Neil wrote in last week with this question:
I write a lot of action scripts (yet to have anything professionally read) which means a lot of action - gun fights, fights, chases etc. But how much is too much? I have a very clear image of how a fight will go for example, so I'll describe most of the punches and how close the bullets are. Should I be avoiding this> Is it not my job? Should I be somewhere between this and "they fight". Say HOW they fight (style and who is superior) and show the outcome?
Good question. As a writer, I tend to favor erroring on the side of caution and not giving a blow-by-blow description of the fight. In general, a lot of that work is probably left to the fight choreographer. Speaking as a reader who has suffered through more than a few over-written fight scenes, I can say that it does impact the read. First, I’d say follow the tips I gave yesterday. You can probably get away with describing a few extra actions so long as those actions are broken up in a way that they still flow.

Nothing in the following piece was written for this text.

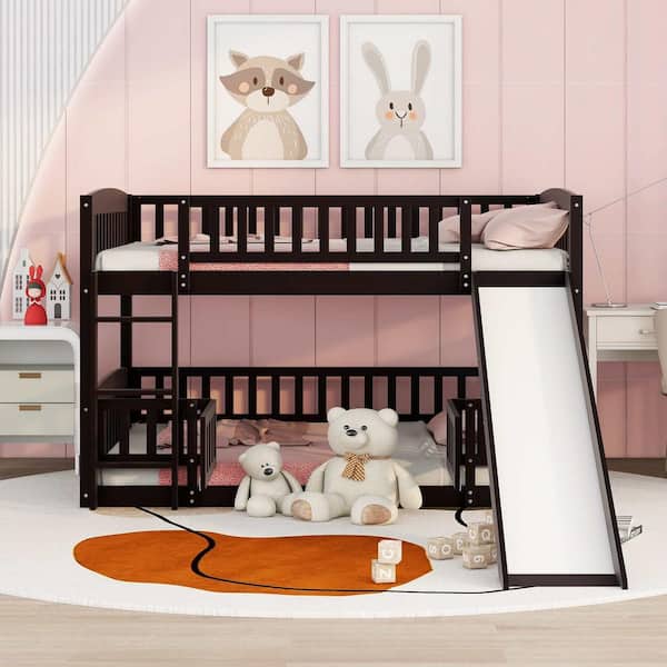Espresso Full Over Full Low Bunk Bed with Fence, Slide, Ladder for Toddler Kids Teens
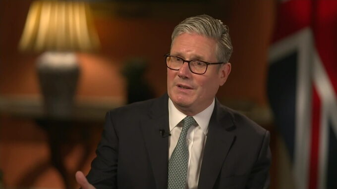首相官邸でブルームバーグニュースのインタビューに応じたスターマー英首相

Having said that, take a look at this example from Revenge of the Sith:
And now look at how the first few scenes in that clip are described in the script: (http://www.imsdb.com/scripts/Star-Wars-Revenge-of-the-Sith.html)
ANAKIN: If you're not with me, you're my enemy.
OBI-WAN: Only a Sith Lord deals in absolutes. I will do what I must. (ignites his lightsaber)
ANAKIN: You will try.
ANAKIN ignites his lightsaber. ANAKIN lashes out at OBI-WAN, and they begin a ferocious sword fight. ANAKIN throws CONTAINERS at OBI-WAN using the Force.
They work their way off the landing platform and into the main entry hallway. ANAKIN kicks OBI-WAN, and OBI-WAN drops to a lower level.
ARTOO BEEPS his concern and rushes to the unconscious PADME's aid.
197 INT. MUSTAFAR-PASSAGES TO MAIN CONTROL CENTER-DAY
ANAKIN and OBI-WAN move their fight toward the main control center. As the laser swords fly, bits of the hallway are cut up. OBI-WAN and ANAKIN jump and use every trick in the Jedi book.
200 INT. MUSTAFAR-MAIN CONTROL CENTER-DAY
View screens EXPLODE around ANAKIN and OBI-WAN as they work their way into the Control Room. The fighting is intense.
OBI-WAN is on the defensive as he jumps up on the table view screen in the center of the room.
It’s worth noting that if you compare the script to the film as produced, there are more than a few differences. Still, notice how sparse Lucas’ descriptions are? Especially compared to all the parries, thrusts, and flips seen on-screen?
With so many great scripts online at the Internet Movie Script Database, it’s worth checking out famous fight scenes and seeing how under-choreographed they are. Just take a look at Rocky (http://www.imsdb.com/scripts/Rocky.html) and see how the final fight gives a sense of how many blows are thrown, without specifically choreographing each hit.
Bottom line, I wouldn’t go overboard in the description. If there’s a particular punch or gun shot that’s important, then certainly call it out in the script. If your script is starting to read like a ringside play-by-play, then you might want to rethink things.
Having said that, everybody has their own way of doing these things. Just make sure it’s easy to read. You can get away with a lot so long as it’s easy to read. In my experience “easy to read” usually translates to less description.